If you are using a reference genome that does not have a complete metadata directory (for example, a non-human reference), you will need to create your own ploidy map if you want to process sex chromosomes.

If no ploidy map file is supplied, some of the time Genome STRiP will default to behave as if the entire input genome has ploidy 2 (i.e. is diploid) in all individuals. You can also force this behavior by creating a ploidy map with a single line containing "* * * * 2" to indicate that all chromosomes are diploid.

--readDepthMaskFile / -readDepthMaskFile ( File )

Genome mask file specifying regions over which the sequencing depth should be estimated.

This argument supplies a genome mask that is used during estimation of sequencing coverage in each sequencing run. The default value for this argument is rmd/reference.rdmask.bed, a bed file specifying the set of intervals to use. This file is typically provided along with the other reference metadata in the reference metadata directory.

If you are using a reference genome that does not have a complete metadata directory (for example, a non-human reference), you will want to create your own mask file to use. For the human genome, the default mask includes chromosomes 1-22, avoiding the sex chromosomes and any unplaced reference sequences.

--reduceInsertSizeDistributions / -reduceInsertSizeDistributions ( Boolean with default value true )

True to perform lossy compression on the fragment length distributions from each library to increase scalability.

By default, the empirical insert size (fragment length) distributions from each library are compressed during preprocessing.
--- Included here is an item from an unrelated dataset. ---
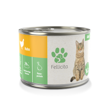 Fellicita: Gesundes Futter – glückliches LebenHuhn pur - Die besonders leckere FeinkostFellicita in Kürze:Konsistenz: besonders leckere weiche PasteteMonoprotein – nur eine FleischsorteHergestellt aus sorgfältig ausgewählten RohstoffenBedarfsgerechte Nährstoffversorgung für erwachsene KatzenRezepturkonzept: Fleisch, Innereien, MineralstoffeAusgewogenes Calcium-Phosphor-Verhältnis 1,2 : 1GetreidefreiOhne künstliche Aroma-, Farb- und KonservierungsstoffeDie Konservierung erfolgt durch Erhitzung in der verschlossenen Dose.Die Sorte Huhn ist in 200 g, 400 g und 800 g Dosen erhältlichVerloren im Futterdschungel? Welches Futter ist wirklich mit hauseigenem Sachverstand und Expertise entwickelt? Bei Fellicita können Sie sicher sein, dass die Rezepturen für Katzen und Hunde aus tierärztlicher Feder nicht nur einmalig nach FEDIAF-Standards konzipiert wurden, sondern auch laufend gemäß aktuellen wissenschaftlichen Erkenntnissen überprüft werden. Das Sortiment umfasst Mono- und Multiprotein-Nassfutter mit kurzer Zutatenliste und transparenten Rezepturkonzepten; hergestellt in Deutschland. Die besonders leckere, weiche und feine Pastete überzeugt auch Gourmet-Katzen. Tierfreunde vertrauen Fellicita, denn: gesundes Futter – glückliches Leben!

If this option is disabled, the number of samples that can be processed together is limited.

--referenceFile / -R ( required File )

The reference genome sequence for the input bam files (indexed fasta format).

This must be the reference genome sequence that was used to align the input bam files.

In addition, this argument sets the default value for the reference metadata directory (see -rmd) which contains additional information about the reference genome that is required by Genome STRiP. Reference metadata directories are supplied with Genome STRiP for common human reference assemblies and generally you should set -R to refer to one of these directories that is appropriate for your input data.

--referenceMetaDataLocation / -rmd ( File )

Path to the directory containing data files based on the reference genome (ploidy map, gc-bias file, etc.).

The -rmd location defaults to the directory of the reference genome, as specified by -R, and normally does not need to be supplied.

This argument can be used when you need to replace the reference genome with another file but want to continue to use the other auxilliary files in the reference metadata directory. In this case, the replacement reference genome must be very nearly identical to the original reference genome.

If you cannot use one of the standard sets of reference metadata supplied with Genome STRiP, for example because you are processing non-human data or using a different human reference genome, then you will need to generate the equivalent data for your reference genome.